Sunday, September 25, 2005

Ave, Bill!

Bill Keezer recently wrote a fantastic post on the Intelligent Design debate, which I recommend to all interested parties. If you want to leave comments, you'll need to go here. Some highlights from Bill's post:

So what constitutes design? Already we have two parts to it, the object and the purpose. Generally we consider the object to have been created to meet the purpose for which it is to be used. So whenever we talk about design there is always the concept of purpose contained within it. As we shall see below, we often include function as a proxy for purpose when discussing design. If something functions in some way, we often accept the idea that it was designed to function that way. Yet, as I will show there are cases where there is no purposeful design in the function, or else we are led to consider everything is designed. So yes, the appearance of design does not entail design.

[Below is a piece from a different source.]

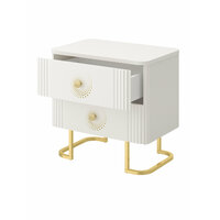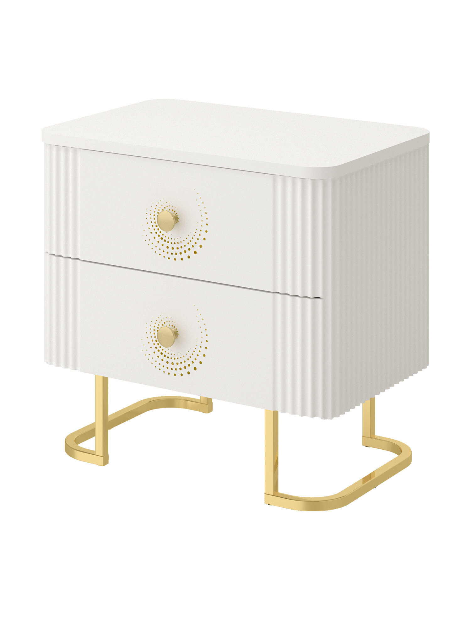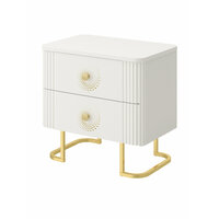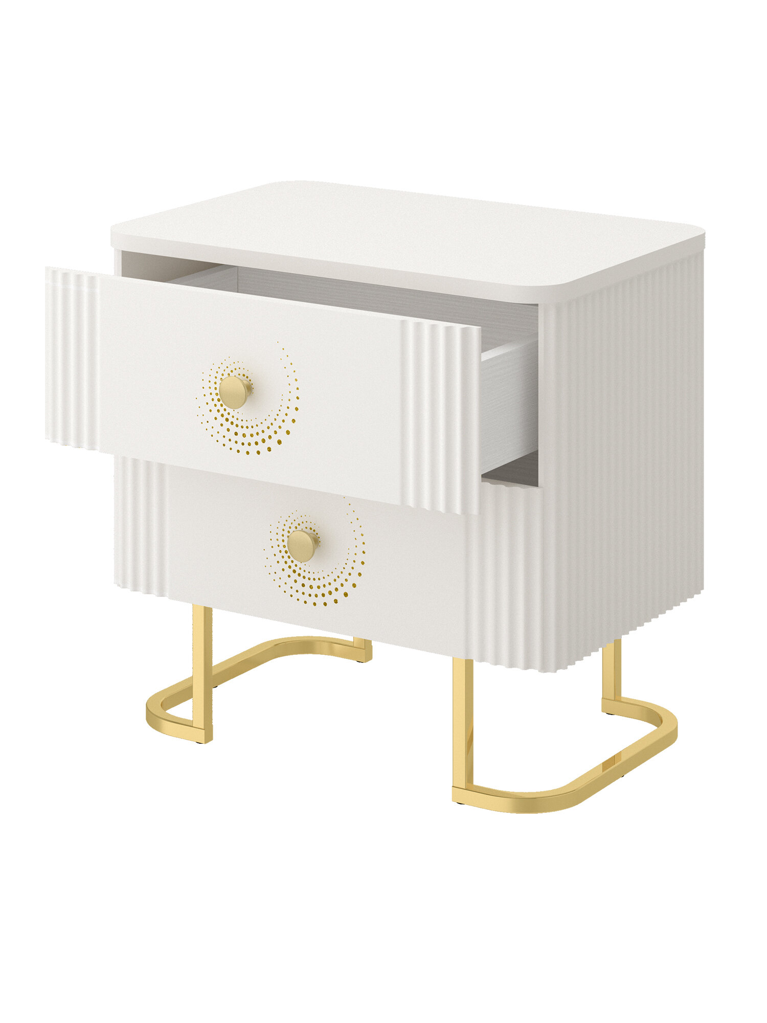 Тумба прикроватная выполнена в теплом белом цвете, в сочетании с роскошными золотыми опорами выглядит гармонично и идеально комбинируется с любой мебелью и аксессуарами. Одной из главных особенностей данной тумбы является мерцающий рисунок на фасаде, который привлекает внимание и создает атмосферу уюта. Изящная ручка в золотом цвете обеспечивает легкое открывание. Оригинальные металлические опоры в цвете золотой глянец придают тумбочке нотку роскоши и современности. Реечный корпус с закруглением добавляет мягкости и гармонии, делает тумбочку прикроватную не только стильной, но и безопасной для использования в спальне.

There is one other problem with using the word design. It often brings up an image of metadata controlling the assembly of parts, i.e. some super blueprint that states precisely the location of each component in the assembled organism. Even scientists use this analogy when explaining to laymen how DNA is the master code for the body. Actually it is not an analogue of a blueprint.

All genes do is code for the creation of proteins. These proteins in turn are either enzymes that create other biochemicals, or form part of the structure of the organism. What is also needed is a timing mechanism, that turns the genes on and off. Nature is very parsimonious. There is a constant reuse of some protein or structure on larger scales for new purposes in new species. The various mutational and gene replication and mixing processes create the opportunity for totally new processes and proteins and constantly new combinations. Survival is then the means by which these are weeded out. As noted above those things or combinations that create a slight advantage will, over time, become fixed and dominant in a population.

And here, regarding Dr. Vallicella's use of the phrase "cosmic accident":

The connotations of cosmic accident are taken into a normative context, when they were defined in a factual context. Here there is an equating of an accidental collocation with an evolutionary process. The two are not the same at all. A collocation of rocks is a truly random process. Nothing selected for the collocation, it just happened. An evolved organism has been subjected to constant pressure to survive. That it is the sum of events that occurred randomly once and now are conserved and controlled by the internal environment of the organism places it in a different category altogether.

It's a post that deserves careful study. Bill is a theist while I'm a nontheist, but we both agree that Intelligent Design is on shaky ground. As a buddy of mine used to say in response to the creationist contention that evolution is "only a theory": "No, evolution is a fact. The theories all deal with the mechanisms of evolution." I think that about sums it up.